## [Instructions to follow]
Set down, word for word, every line of the material below from the one containing "This powerfully painted" through the one containing "50ml Neptune Rum", but none of its pictures.

## [Records provided]
*** Begin section ***

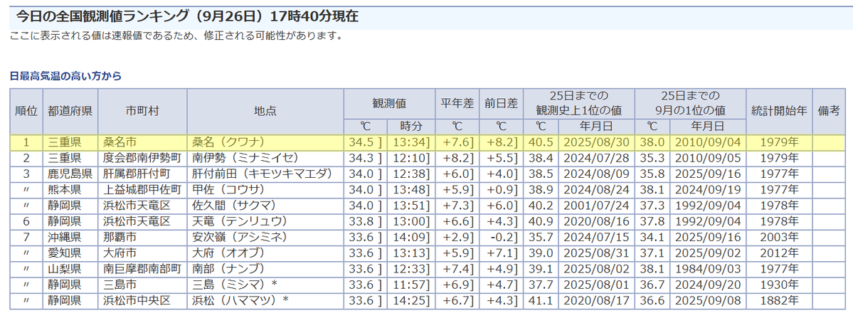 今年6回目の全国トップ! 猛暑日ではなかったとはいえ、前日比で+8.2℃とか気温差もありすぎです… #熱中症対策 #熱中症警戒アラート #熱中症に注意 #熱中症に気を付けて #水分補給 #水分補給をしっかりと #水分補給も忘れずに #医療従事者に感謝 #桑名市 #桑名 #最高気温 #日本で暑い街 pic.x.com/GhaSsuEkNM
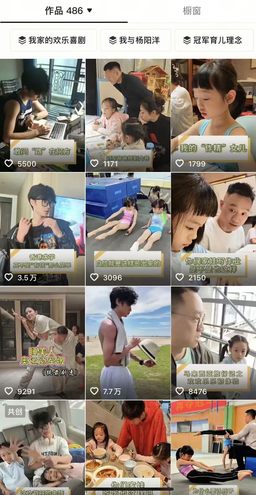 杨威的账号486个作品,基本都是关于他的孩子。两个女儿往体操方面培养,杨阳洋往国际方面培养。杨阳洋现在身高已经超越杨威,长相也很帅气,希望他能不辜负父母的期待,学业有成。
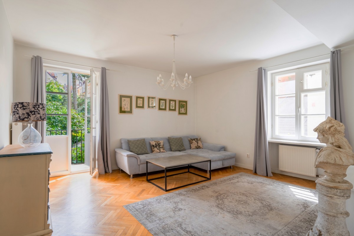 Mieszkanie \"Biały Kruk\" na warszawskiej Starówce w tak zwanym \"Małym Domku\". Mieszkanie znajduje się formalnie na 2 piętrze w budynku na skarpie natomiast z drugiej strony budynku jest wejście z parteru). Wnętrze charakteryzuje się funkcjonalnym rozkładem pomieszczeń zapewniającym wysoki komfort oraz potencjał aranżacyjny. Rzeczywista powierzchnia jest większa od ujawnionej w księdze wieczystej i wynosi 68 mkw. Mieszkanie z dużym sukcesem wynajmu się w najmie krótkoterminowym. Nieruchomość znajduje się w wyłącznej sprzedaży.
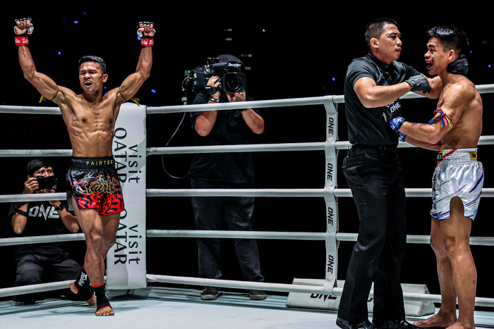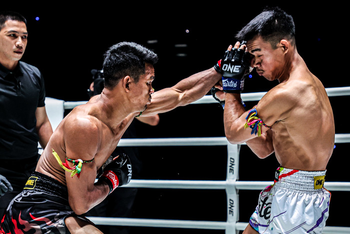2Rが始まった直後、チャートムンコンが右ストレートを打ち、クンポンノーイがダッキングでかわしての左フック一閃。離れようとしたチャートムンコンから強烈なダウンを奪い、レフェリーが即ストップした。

*** End section ***
*** Begin section ***

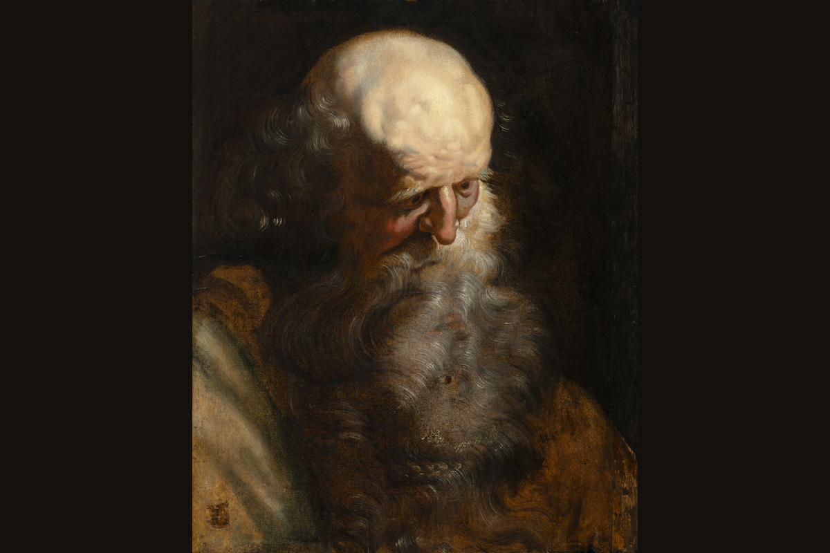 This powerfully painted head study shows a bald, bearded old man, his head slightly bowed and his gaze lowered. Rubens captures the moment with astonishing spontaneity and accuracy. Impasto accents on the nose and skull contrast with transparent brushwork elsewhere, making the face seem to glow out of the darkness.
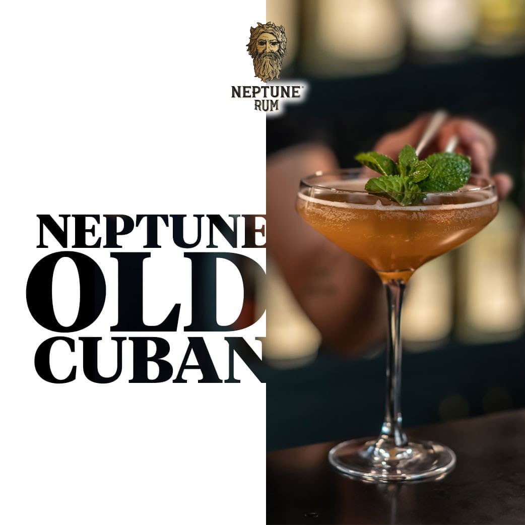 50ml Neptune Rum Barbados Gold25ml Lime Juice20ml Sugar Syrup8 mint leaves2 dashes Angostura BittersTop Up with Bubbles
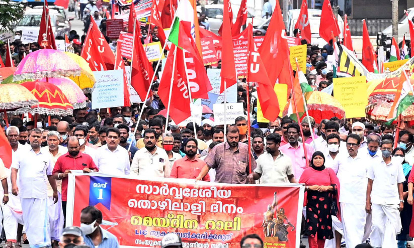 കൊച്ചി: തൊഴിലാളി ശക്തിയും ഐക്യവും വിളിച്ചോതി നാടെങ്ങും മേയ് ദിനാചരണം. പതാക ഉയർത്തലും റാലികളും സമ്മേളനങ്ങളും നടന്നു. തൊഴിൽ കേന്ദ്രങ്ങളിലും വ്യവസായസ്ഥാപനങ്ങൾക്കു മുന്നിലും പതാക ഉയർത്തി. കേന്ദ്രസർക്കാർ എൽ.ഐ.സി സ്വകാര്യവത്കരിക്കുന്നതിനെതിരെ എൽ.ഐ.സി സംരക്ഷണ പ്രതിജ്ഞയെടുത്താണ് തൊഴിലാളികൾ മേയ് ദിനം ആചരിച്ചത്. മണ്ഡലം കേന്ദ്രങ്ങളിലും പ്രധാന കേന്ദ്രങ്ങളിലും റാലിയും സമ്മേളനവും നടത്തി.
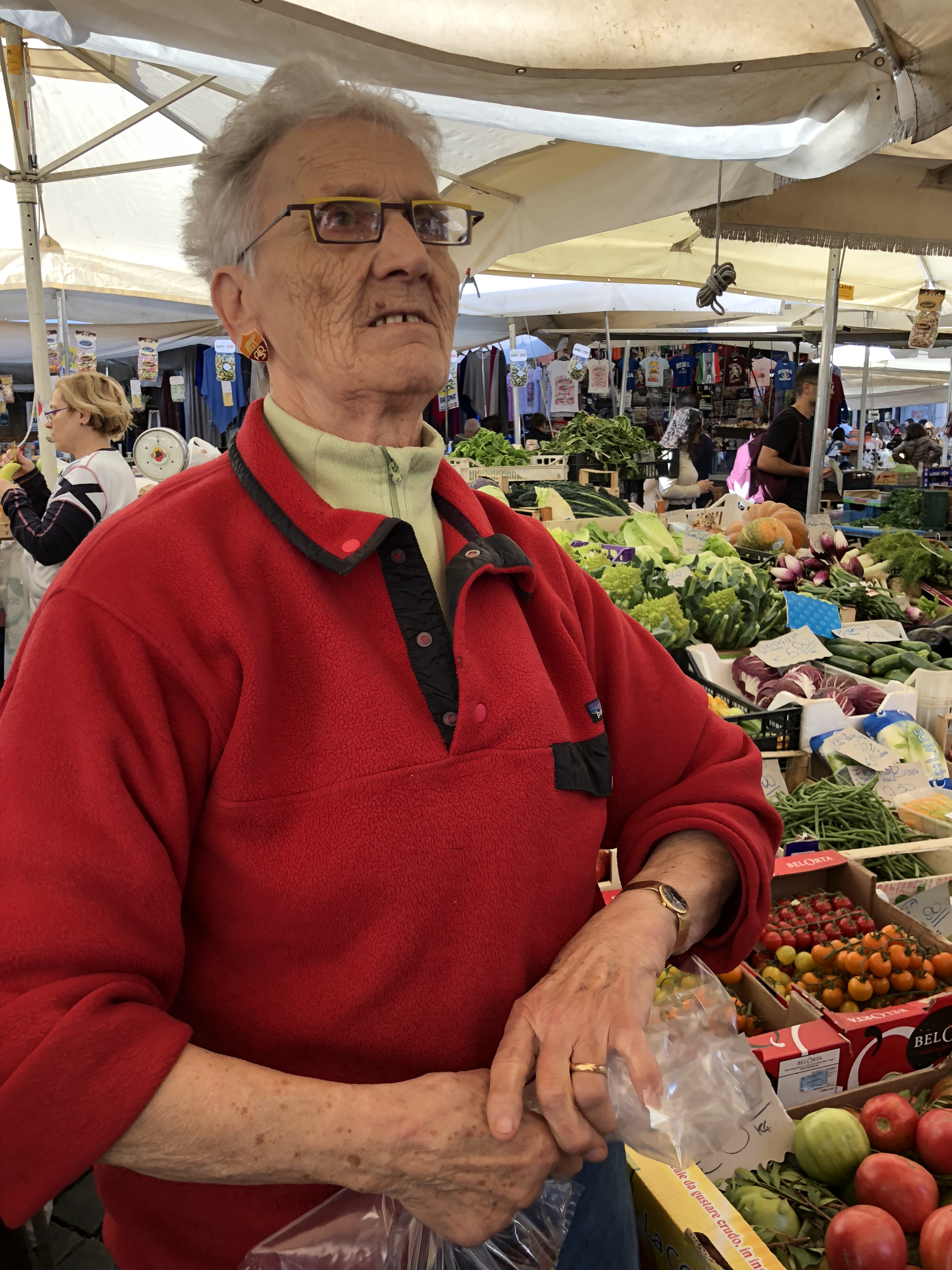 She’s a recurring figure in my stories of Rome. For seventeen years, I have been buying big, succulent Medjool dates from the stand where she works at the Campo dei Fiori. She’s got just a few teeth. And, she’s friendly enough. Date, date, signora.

*** End section ***

## [Your response]
 This powerfully painted head study shows a bald, bearded old man, his head slightly bowed and his gaze lowered. Rubens captures the moment with astonishing spontaneity and accuracy. Impasto accents on the nose and skull contrast with transparent brushwork elsewhere, making the face seem to glow out of the darkness.
 50ml Neptune Rum Barbados Gold25ml Lime Juice20ml Sugar Syrup8 mint leaves2 dashes Angostura BittersTop Up with Bubbles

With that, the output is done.